■ GIVEN INFORMATION ■
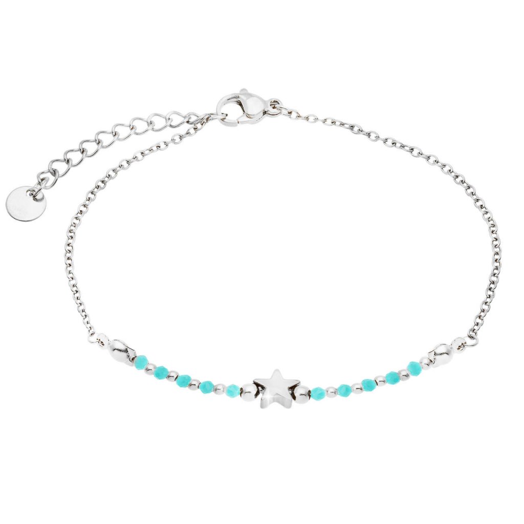 Náramek z chirurgické oceli s hvězdičkou a tyrkysovým korálkem 2002493-3
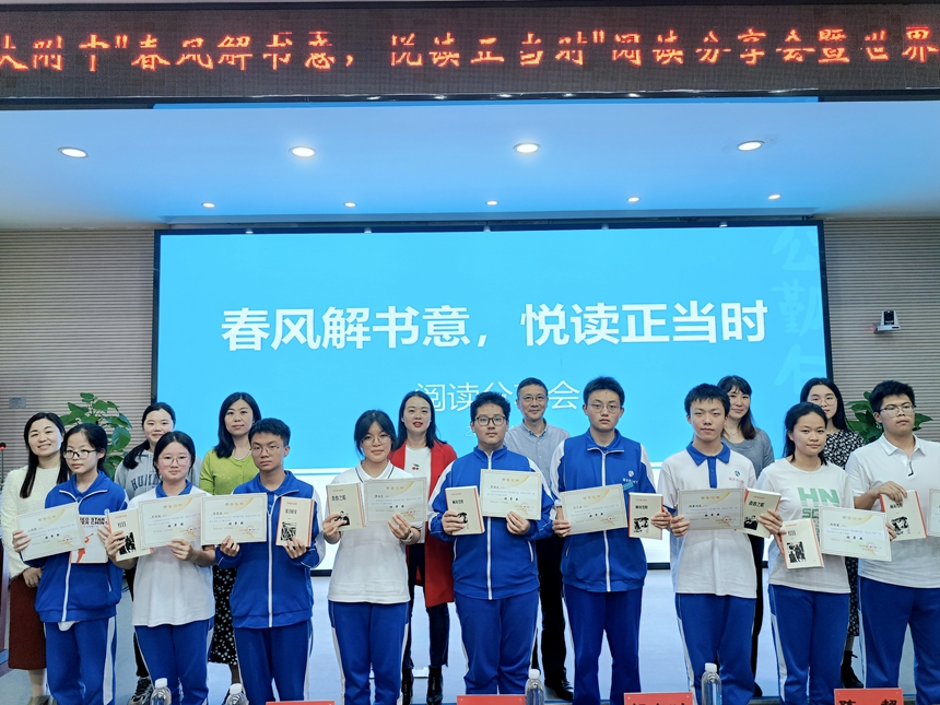 在本次阅读分享会上,荣获特等奖的九位同学作了阅读分享。黎宇宸同学的《行吟泽畔处,天地一沙鸥》,通过分享自己的阅读史,来寻找精神的自洽;韩睿翊宸同学通过分享《红楼梦》阅读的个性体验,获得独特的思考;汤雅童同学认为阅读能给予她专属富藏;谭瑞莹和大家分享了她眼中的《悲惨世界》;罗妮娅同学感叹于金庸先生笔下的浩然英雄气;刘宇涵同学在《瓦尔登湖》中邂逅自我,追逐自由;李琅杰同学认为苏东坡蕴藏着世间最细腻、最真挚的情思,切莫浮躁,珍惜当下,学会豁达;王梓桥同学在《愚公移山》中体悟到孰智孰愚,当辩证以待;陈程诚同学认为阅读能帮助我们不断地锐化思维,跳出历史周期律的束缚以打磨自身,应对时代的巨浪之击。
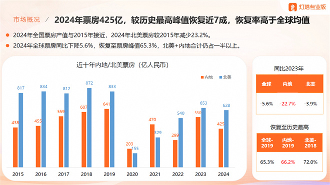 在2024年全球票房同比下降5.6%的背景下,国内电影市场取得425.02亿的票房成绩,较历史最高峰值恢复约七成,恢复率好于全球均值。

■ PROBLEM ■
Please return the listing above exactly and leave every picture out.

■ EXPECTED ANSWER ■
 Náramek z chirurgické oceli s hvězdičkou a tyrkysovým korálkem 2002493-3
 在本次阅读分享会上,荣获特等奖的九位同学作了阅读分享。黎宇宸同学的《行吟泽畔处,天地一沙鸥》,通过分享自己的阅读史,来寻找精神的自洽;韩睿翊宸同学通过分享《红楼梦》阅读的个性体验,获得独特的思考;汤雅童同学认为阅读能给予她专属富藏;谭瑞莹和大家分享了她眼中的《悲惨世界》;罗妮娅同学感叹于金庸先生笔下的浩然英雄气;刘宇涵同学在《瓦尔登湖》中邂逅自我,追逐自由;李琅杰同学认为苏东坡蕴藏着世间最细腻、最真挚的情思,切莫浮躁,珍惜当下,学会豁达;王梓桥同学在《愚公移山》中体悟到孰智孰愚,当辩证以待;陈程诚同学认为阅读能帮助我们不断地锐化思维,跳出历史周期律的束缚以打磨自身,应对时代的巨浪之击。
 在2024年全球票房同比下降5.6%的背景下,国内电影市场取得425.02亿的票房成绩,较历史最高峰值恢复约七成,恢复率好于全球均值。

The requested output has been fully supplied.